Parisi German I, Weber Cornelius, Wermter Stefan
Department of Informatics, Knowledge Technology Institute, University of Hamburg Hamburg, Germany.
Front Neurorobot. 2015 Jun 9;9:3. doi: 10.3389/fnbot.2015.00003. eCollection 2015.
The visual recognition of complex, articulated human movements is fundamental for a wide range of artificial systems oriented toward human-robot communication, action classification, and action-driven perception. These challenging tasks may generally involve the processing of a huge amount of visual information and learning-based mechanisms for generalizing a set of training actions and classifying new samples. To operate in natural environments, a crucial property is the efficient and robust recognition of actions, also under noisy conditions caused by, for instance, systematic sensor errors and temporarily occluded persons. Studies of the mammalian visual system and its outperforming ability to process biological motion information suggest separate neural pathways for the distinct processing of pose and motion features at multiple levels and the subsequent integration of these visual cues for action perception. We present a neurobiologically-motivated approach to achieve noise-tolerant action recognition in real time. Our model consists of self-organizing Growing When Required (GWR) networks that obtain progressively generalized representations of sensory inputs and learn inherent spatio-temporal dependencies. During the training, the GWR networks dynamically change their topological structure to better match the input space. We first extract pose and motion features from video sequences and then cluster actions in terms of prototypical pose-motion trajectories. Multi-cue trajectories from matching action frames are subsequently combined to provide action dynamics in the joint feature space. Reported experiments show that our approach outperforms previous results on a dataset of full-body actions captured with a depth sensor, and ranks among the best results for a public benchmark of domestic daily actions.
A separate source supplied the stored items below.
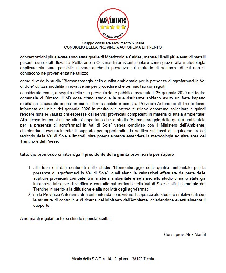 Lo studio è stato presentato al pubblico lo scorso 25 gennaio. La Provincia di Trento ne era stata informata dall’inizio di quel mese ma deve ancora esprimersi sui suoi contenuti. È importante che ciò avvenga presto, sia per garantire risposte agli abitanti delle Valli di Sole, Rabbi e Peio, giustamente preoccupati per quanto hanno potuto apprendere consultando i dati della ricerca, che per valutare l’opportunità di coinvolgere le strutture dello Stato affinché prestino sostegno e risorse ad eventuali interventi di tutela ambientale. In prospettiva inoltre si potrà valutare di estendere questa metodologia di valutazione degli inquinanti anche al resto del Trentino e, perché no, al resto del Paese. Tutte scelte che ho sollecitato con l’interrogazione provinciale che trovate in calce a questo messaggio.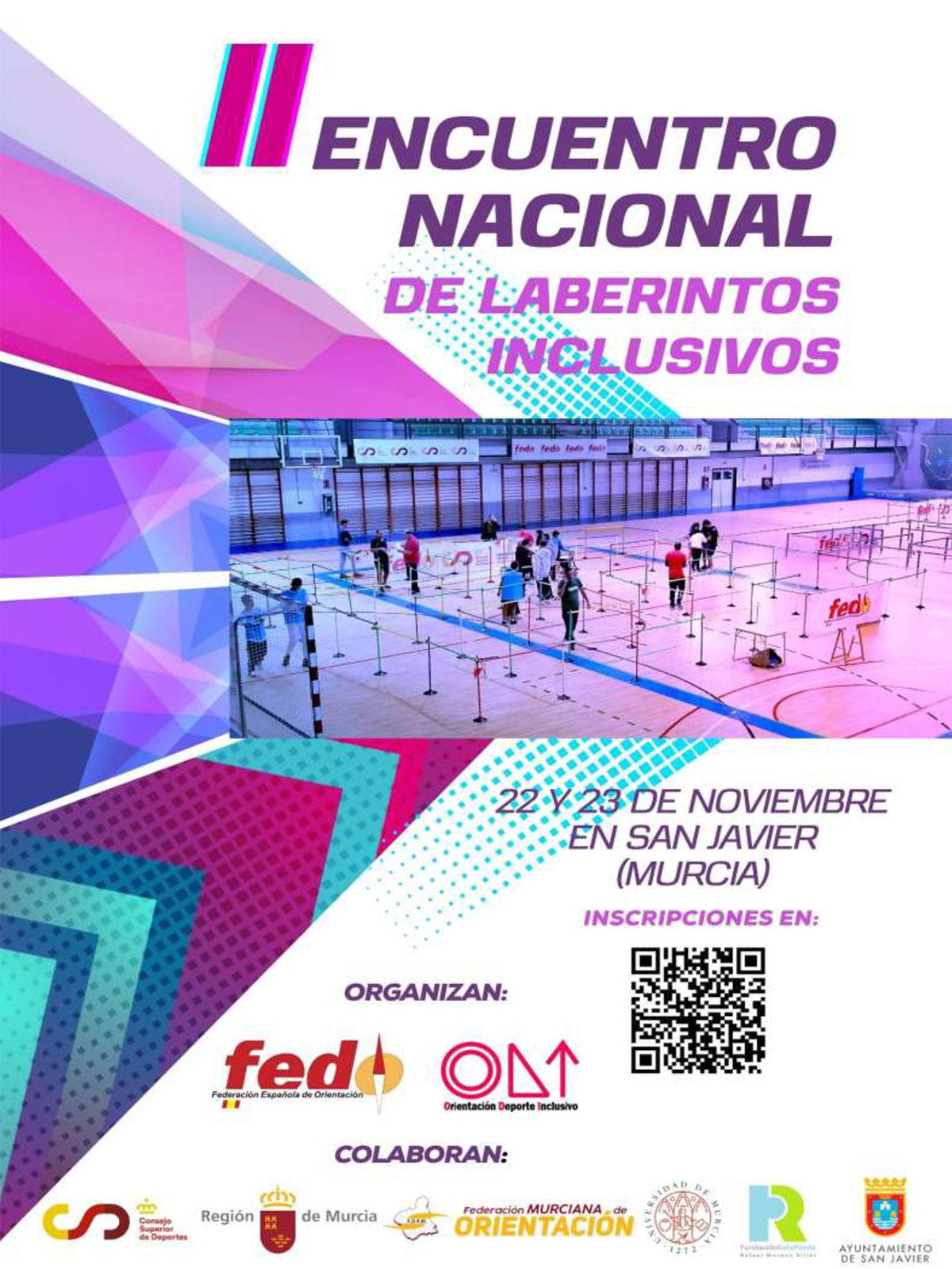 La Federación Española de Orientación (FEDO), a través de su Comité de Orientación Inclusiva, anuncia la apertura de inscripciones para el II Encuentro Nacional de Laberintos Inclusivos, que se celebrará los días 22 y 23 de noviembre de 2025 en San Javier (Murcia).
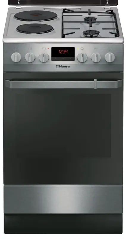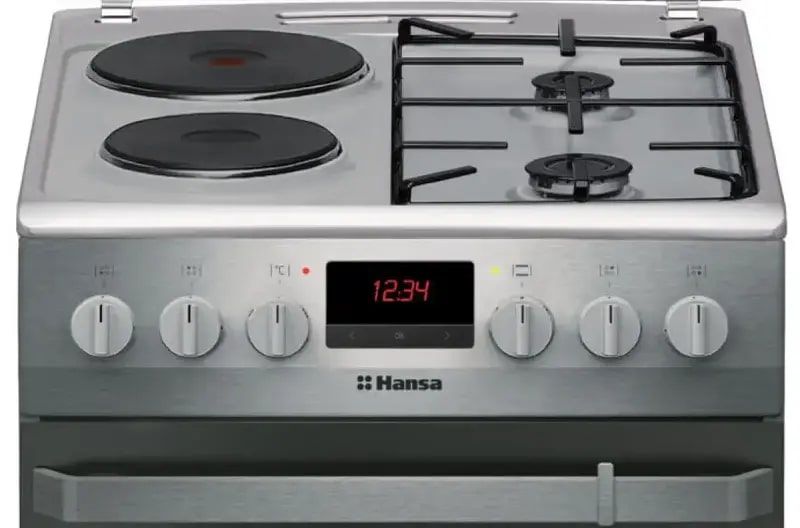 Плита Hansa з комбі. вар. поверхнею, 50х60см, 62л, емаль, газ контр., дисплей, нержавіюча сталь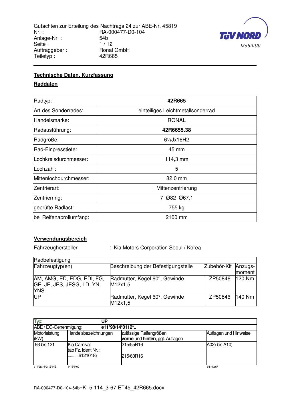 • Stimmt die KBA-Nummer auf der Felge mit diesem Dokument überein?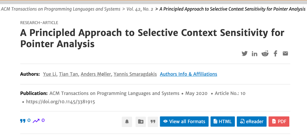 该成果在2020年5月20日,以"A Principled Approach to Selective Context Sensitivity for Pointer Analysis"为题发表于《ACM Transactions on Programming Languages and Systems》期刊上(TOPLAS 42(2)),凯发k8官网为第一及通讯单位,李樾为第一作者,谭添为通讯作者,丹麦奥胡斯大学Anders Møller教授、希腊雅典大学Yannis Smaragdakis教授为合作者。TOPLAS是程序设计语言领域的顶级国际期刊,也是CCF推荐A类期刊。该论文是TOPLAS自1979年创刊41年来,凯发k8官网首次、我国内地高校和科研机构第三次(近五年唯一)以第一单位名义发表的科研成果。”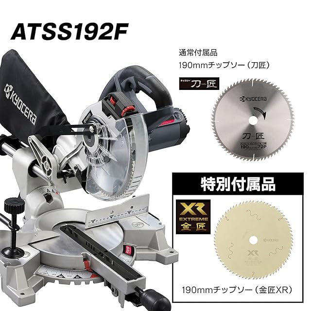 京セラ(Kyocera) 旧リョービ プロ用 卓上丸ノコ チップソー(金匠XR190mm)セット ATSS192F 4988356 シルバー 【レーザーマーカー付で墨線合わせが簡単で角度・傾斜・複合切断も可能】 ノコ刃190mm 回転数5000min-1 切断能力 (テーブル回転0度/傾斜左45度)38×220mm 軽量10.5Kg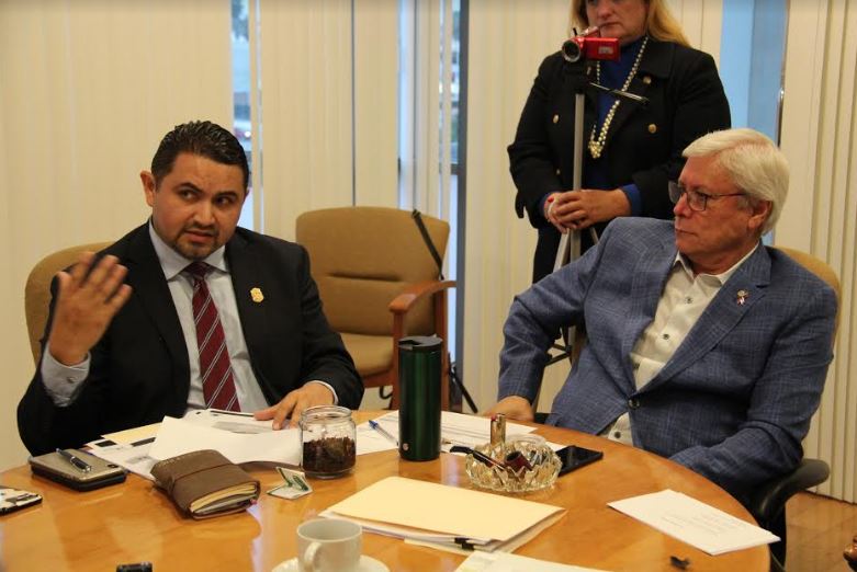 ENSENADA, B.C., 27 de noviembre de 2019.- El gobernador de Baja California, Jaime Bonilla Valdez, giró instrucciones para la construcción en Tijuana del primer centro integral de atención al cáncer de mama, durante una reunión con el presidente ejecutivo de la Fundación Cáncer de Mama (FUCAM), Fernando Guisa Hohenstein.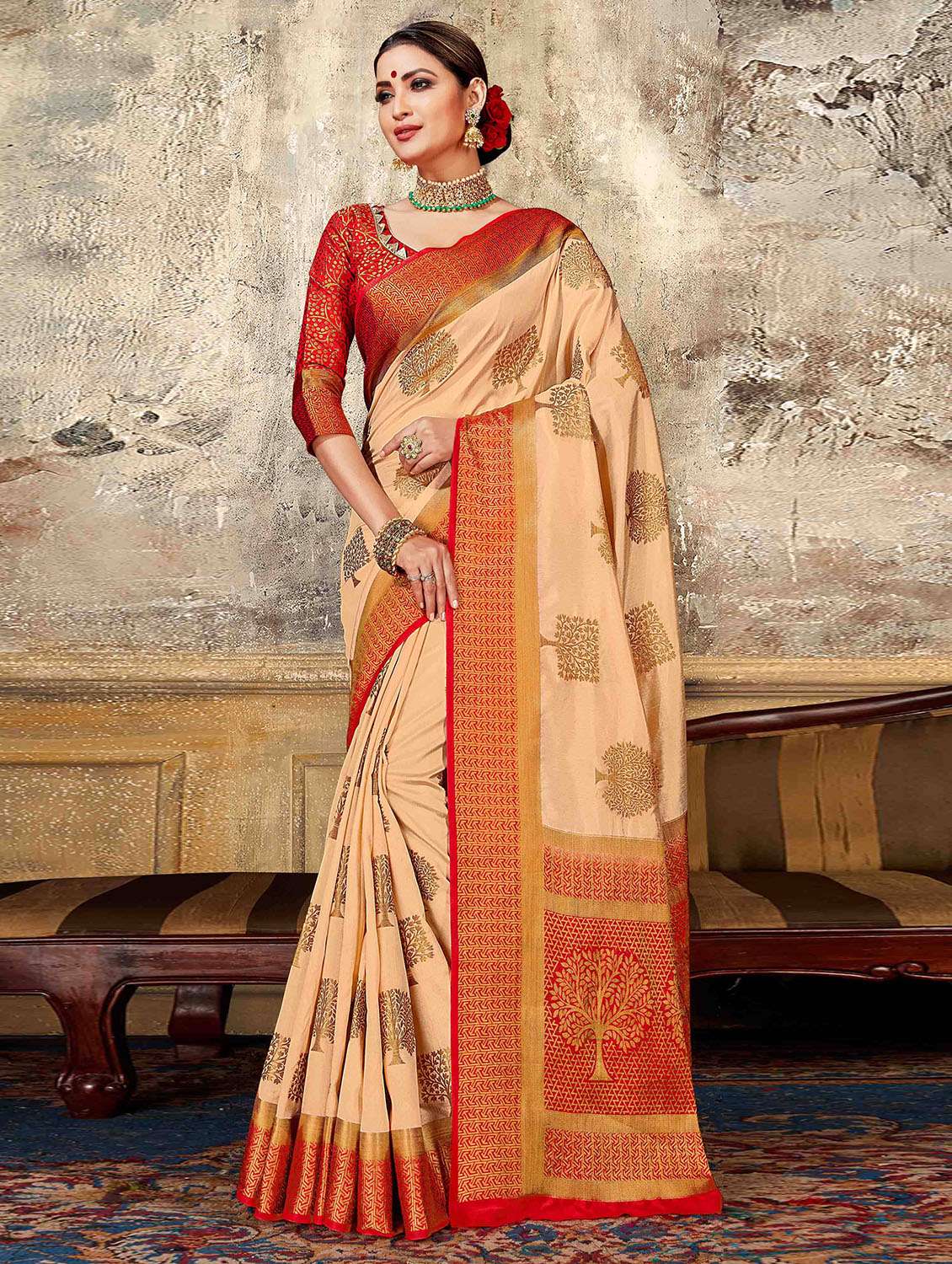 - » self design woven saree with blouse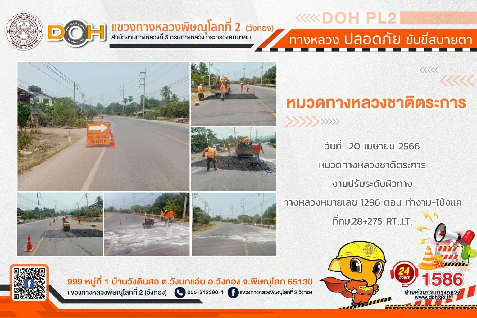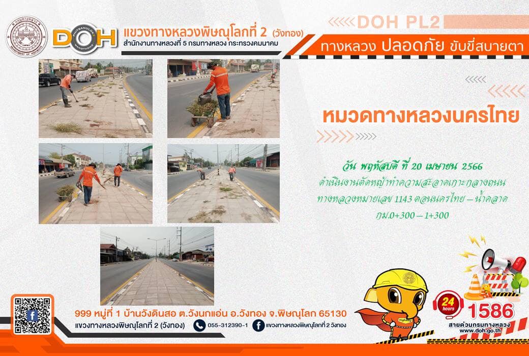 การปฏิบัติงานของ หมวดทางหลวง และ หน่วยงานในสังกัด เพื่ออำนวยความสะดวก และปลอดภัยให้กับประชาชนผู้ใช้เส้นทาง ประจำ วันพฤหัสบดีที่ 20 เมษายน 2566

对于广泛的面向人机通信、动作分类和动作驱动感知的人工系统而言,对复杂、有关节的人体动作进行视觉识别至关重要。这些具有挑战性的任务通常可能涉及大量视觉信息的处理以及基于学习的机制,用于归纳一组训练动作并对新样本进行分类。为了在自然环境中运行,一个关键特性是在例如由系统传感器误差和人员临时遮挡等噪声条件下,也能高效且稳健地识别动作。对哺乳动物视觉系统及其处理生物运动信息的卓越能力的研究表明,存在单独的神经通路,用于在多个层面上对姿势和运动特征进行不同处理,并随后将这些视觉线索整合以进行动作感知。我们提出一种受神经生物学启发的方法,以实时实现耐噪声动作识别。我们的模型由自组织按需生长(GWR)网络组成,该网络获得感觉输入的逐步泛化表示并学习固有的时空依赖性。在训练期间,GWR网络动态改变其拓扑结构以更好地匹配输入空间。我们首先从视频序列中提取姿势和运动特征,然后根据典型的姿势 - 运动轨迹对动作进行聚类。随后将来自匹配动作帧的多线索轨迹进行组合,以在联合特征空间中提供动作动态。报告的实验表明,我们的方法在使用深度传感器捕获的全身动作数据集上优于先前的结果,并且在家庭日常动作的公共基准测试中名列前茅。